What you need to do:
Output each entry exactly as written.

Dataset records
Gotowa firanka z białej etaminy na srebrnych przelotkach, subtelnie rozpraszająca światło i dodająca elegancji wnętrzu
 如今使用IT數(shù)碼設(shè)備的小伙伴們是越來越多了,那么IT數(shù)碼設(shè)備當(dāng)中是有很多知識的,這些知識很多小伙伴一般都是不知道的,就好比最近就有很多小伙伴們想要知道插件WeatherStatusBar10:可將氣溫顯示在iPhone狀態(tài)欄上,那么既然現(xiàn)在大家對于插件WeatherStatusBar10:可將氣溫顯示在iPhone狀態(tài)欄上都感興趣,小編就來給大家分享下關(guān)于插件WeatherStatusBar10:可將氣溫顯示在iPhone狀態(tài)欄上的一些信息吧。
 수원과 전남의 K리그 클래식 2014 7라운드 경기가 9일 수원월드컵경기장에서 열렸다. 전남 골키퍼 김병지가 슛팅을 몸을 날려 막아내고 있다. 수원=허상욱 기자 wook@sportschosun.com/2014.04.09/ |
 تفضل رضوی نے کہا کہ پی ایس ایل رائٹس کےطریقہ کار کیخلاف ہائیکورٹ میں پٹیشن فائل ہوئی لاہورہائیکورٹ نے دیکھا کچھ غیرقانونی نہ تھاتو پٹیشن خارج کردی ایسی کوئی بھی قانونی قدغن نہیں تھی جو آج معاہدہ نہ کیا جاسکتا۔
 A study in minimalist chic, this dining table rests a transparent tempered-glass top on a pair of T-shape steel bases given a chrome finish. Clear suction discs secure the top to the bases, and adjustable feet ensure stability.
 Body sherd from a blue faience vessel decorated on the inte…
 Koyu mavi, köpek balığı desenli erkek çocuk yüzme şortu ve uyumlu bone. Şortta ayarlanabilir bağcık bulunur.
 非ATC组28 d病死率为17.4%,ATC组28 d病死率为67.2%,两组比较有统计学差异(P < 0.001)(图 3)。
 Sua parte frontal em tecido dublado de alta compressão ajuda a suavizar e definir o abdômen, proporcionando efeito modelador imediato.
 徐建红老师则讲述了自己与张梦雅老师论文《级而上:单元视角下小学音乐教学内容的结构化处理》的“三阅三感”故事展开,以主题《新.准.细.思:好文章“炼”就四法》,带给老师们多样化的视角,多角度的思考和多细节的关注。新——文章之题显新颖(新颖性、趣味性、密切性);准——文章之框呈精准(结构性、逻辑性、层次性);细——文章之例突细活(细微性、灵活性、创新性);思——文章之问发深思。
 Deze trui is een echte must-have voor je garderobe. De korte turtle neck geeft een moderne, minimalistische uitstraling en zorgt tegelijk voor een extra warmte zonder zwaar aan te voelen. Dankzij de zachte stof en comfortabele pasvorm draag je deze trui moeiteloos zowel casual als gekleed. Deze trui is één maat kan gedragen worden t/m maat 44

Completed exercise:
Gotowa firanka z białej etaminy na srebrnych przelotkach, subtelnie rozpraszająca światło i dodająca elegancji wnętrzu
 如今使用IT數(shù)碼設(shè)備的小伙伴們是越來越多了,那么IT數(shù)碼設(shè)備當(dāng)中是有很多知識的,這些知識很多小伙伴一般都是不知道的,就好比最近就有很多小伙伴們想要知道插件WeatherStatusBar10:可將氣溫顯示在iPhone狀態(tài)欄上,那么既然現(xiàn)在大家對于插件WeatherStatusBar10:可將氣溫顯示在iPhone狀態(tài)欄上都感興趣,小編就來給大家分享下關(guān)于插件WeatherStatusBar10:可將氣溫顯示在iPhone狀態(tài)欄上的一些信息吧。
 수원과 전남의 K리그 클래식 2014 7라운드 경기가 9일 수원월드컵경기장에서 열렸다. 전남 골키퍼 김병지가 슛팅을 몸을 날려 막아내고 있다. 수원=허상욱 기자 wook@sportschosun.com/2014.04.09/ |
 تفضل رضوی نے کہا کہ پی ایس ایل رائٹس کےطریقہ کار کیخلاف ہائیکورٹ میں پٹیشن فائل ہوئی لاہورہائیکورٹ نے دیکھا کچھ غیرقانونی نہ تھاتو پٹیشن خارج کردی ایسی کوئی بھی قانونی قدغن نہیں تھی جو آج معاہدہ نہ کیا جاسکتا۔
 A study in minimalist chic, this dining table rests a transparent tempered-glass top on a pair of T-shape steel bases given a chrome finish. Clear suction discs secure the top to the bases, and adjustable feet ensure stability.
 Body sherd from a blue faience vessel decorated on the inte…
 Koyu mavi, köpek balığı desenli erkek çocuk yüzme şortu ve uyumlu bone. Şortta ayarlanabilir bağcık bulunur.
 非ATC组28 d病死率为17.4%,ATC组28 d病死率为67.2%,两组比较有统计学差异(P < 0.001)(图 3)。
 Sua parte frontal em tecido dublado de alta compressão ajuda a suavizar e definir o abdômen, proporcionando efeito modelador imediato.
 徐建红老师则讲述了自己与张梦雅老师论文《级而上:单元视角下小学音乐教学内容的结构化处理》的“三阅三感”故事展开,以主题《新.准.细.思:好文章“炼”就四法》,带给老师们多样化的视角,多角度的思考和多细节的关注。新——文章之题显新颖(新颖性、趣味性、密切性);准——文章之框呈精准(结构性、逻辑性、层次性);细——文章之例突细活(细微性、灵活性、创新性);思——文章之问发深思。
 Deze trui is een echte must-have voor je garderobe. De korte turtle neck geeft een moderne, minimalistische uitstraling en zorgt tegelijk voor een extra warmte zonder zwaar aan te voelen. Dankzij de zachte stof en comfortabele pasvorm draag je deze trui moeiteloos zowel casual als gekleed. Deze trui is één maat kan gedragen worden t/m maat 44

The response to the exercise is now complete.